User K values statistics (MAX_K=100):
  Min K: 4
  Max K: 100
  Mean K: 24.74
  Median K: 14.00

Cold users (≤10 interactions): 0 (0.0%)
Users with K=MAX_K: 41 (6.1%)


In [4]:
# Train/Val/Test Split (70/15/15)
# 핵심 변경: Rating >= 4인 edge만 Val/Test로 분할
# Rating < 4인 edge는 모두 Train에 포함 (그래프 학습용)

train_data, val_data, test_data = [], [], []

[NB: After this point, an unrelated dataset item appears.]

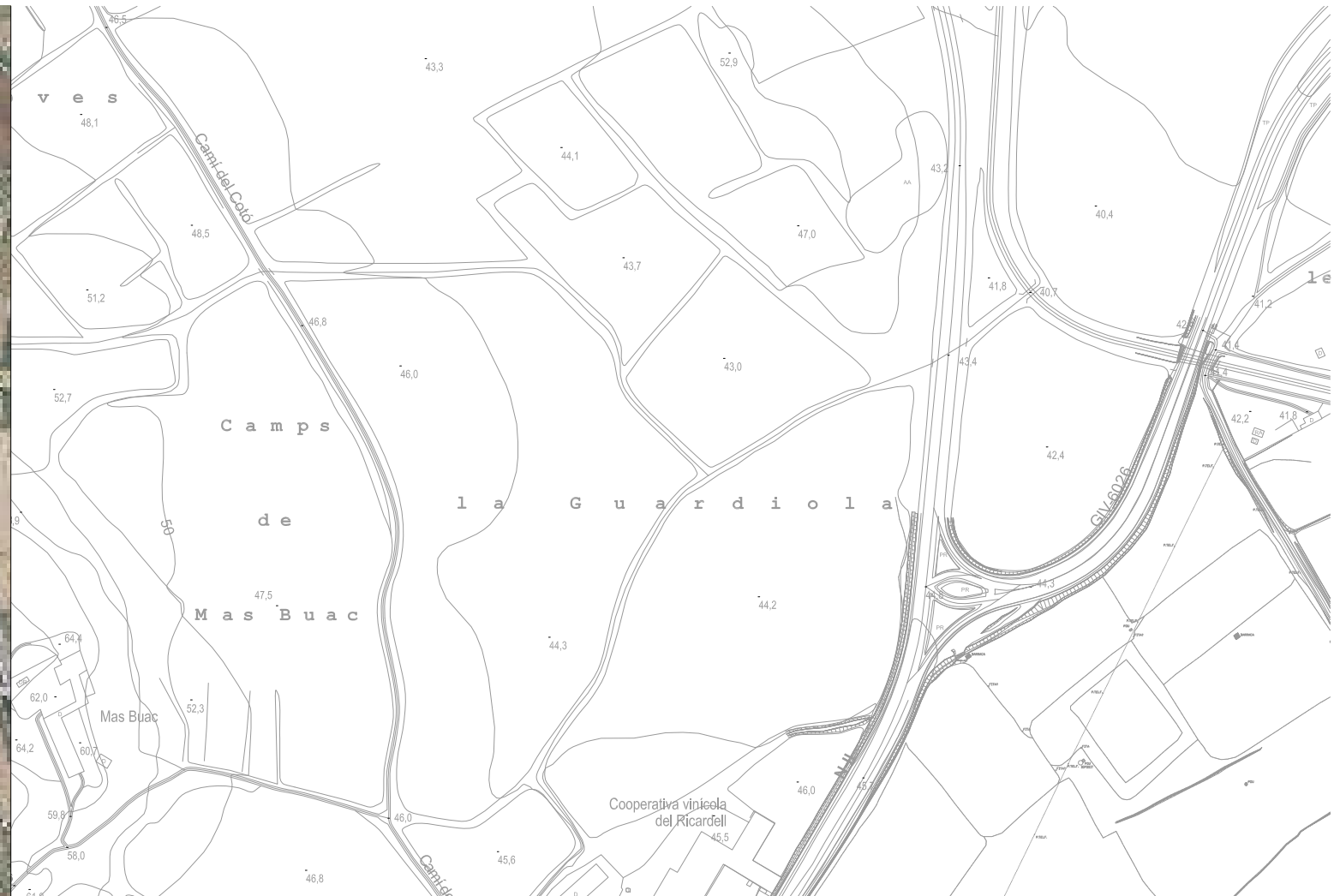
EMPLAÇAMENT E: 1/2000 (DIN A1) - 1/4000 (DIN A3)

for user_idx in range(n_users):
    user_df = df[df['user_idx'] == user_idx]
    
    # 좋은 구매 (rating >= 4)와 나쁜 구매 분리
    good_purchases = user_df[user_df['rating'] >= GOOD_RATING_THRESHOLD][['user_idx', 'item_idx', 'rating']]
    bad_purchases = user_df[user_df['rating'] < GOOD_RATING_THRESHOLD][['user_idx', 'item_idx', 'rating']]
    
    # 나쁜 구매는 모두 Train에 포함 (그래프 학습용, 평가 X)
    if len(bad_purchases) > 0:
        train_data.append(bad_purchases[['user_idx', 'item_idx']])
    
    # 좋은 구매만 Train/Val/Test로 분할
    n_good = len(good_purchases)
    
    if n_good >= 3:
        good_purchases = good_purchases.sample(frac=1, random_state=SEED).reset_index(drop=True)
        train_end = int(0.7 * n_good)
        val_end = train_end + int(0.15 * n_good)
        
        train_end = max(1, train_end)
        val_end = max(train_end + 1, val_end)
        
        train_data.append(good_purchases.iloc[:train_end][['user_idx', 'item_idx']])
        val_data.append(good_purchases.iloc[train_end:val_end][['user_idx', 'item_idx']])
        test_data.append(good_purchases.iloc[val_end:][['user_idx', 'item_idx']])
    elif n_good == 2:
        good_purchases = good_purchases.sample(frac=1, random_state=SEED).reset_index(drop=True)
        train_data.append(good_purchases.iloc[:1][['user_idx', 'item_idx']])
        val_data.append(good_purchases.iloc[1:][['user_idx', 'item_idx']])
    elif n_good == 1:
        train_data.append(good_purchases[['user_idx', 'item_idx']])
    # n_good == 0: 좋은 구매 없음, train graph에만 나쁜 구매 포함

train_df = pd.concat(train_data, ignore_index=True)
val_df = pd.concat(val_data, ignore_index=True) if val_data else pd.DataFrame(columns=['user_idx', 'item_idx'])
test_df = pd.concat(test_data, ignore_index=True) if test_data else pd.DataFrame(columns=['user_idx', 'item_idx'])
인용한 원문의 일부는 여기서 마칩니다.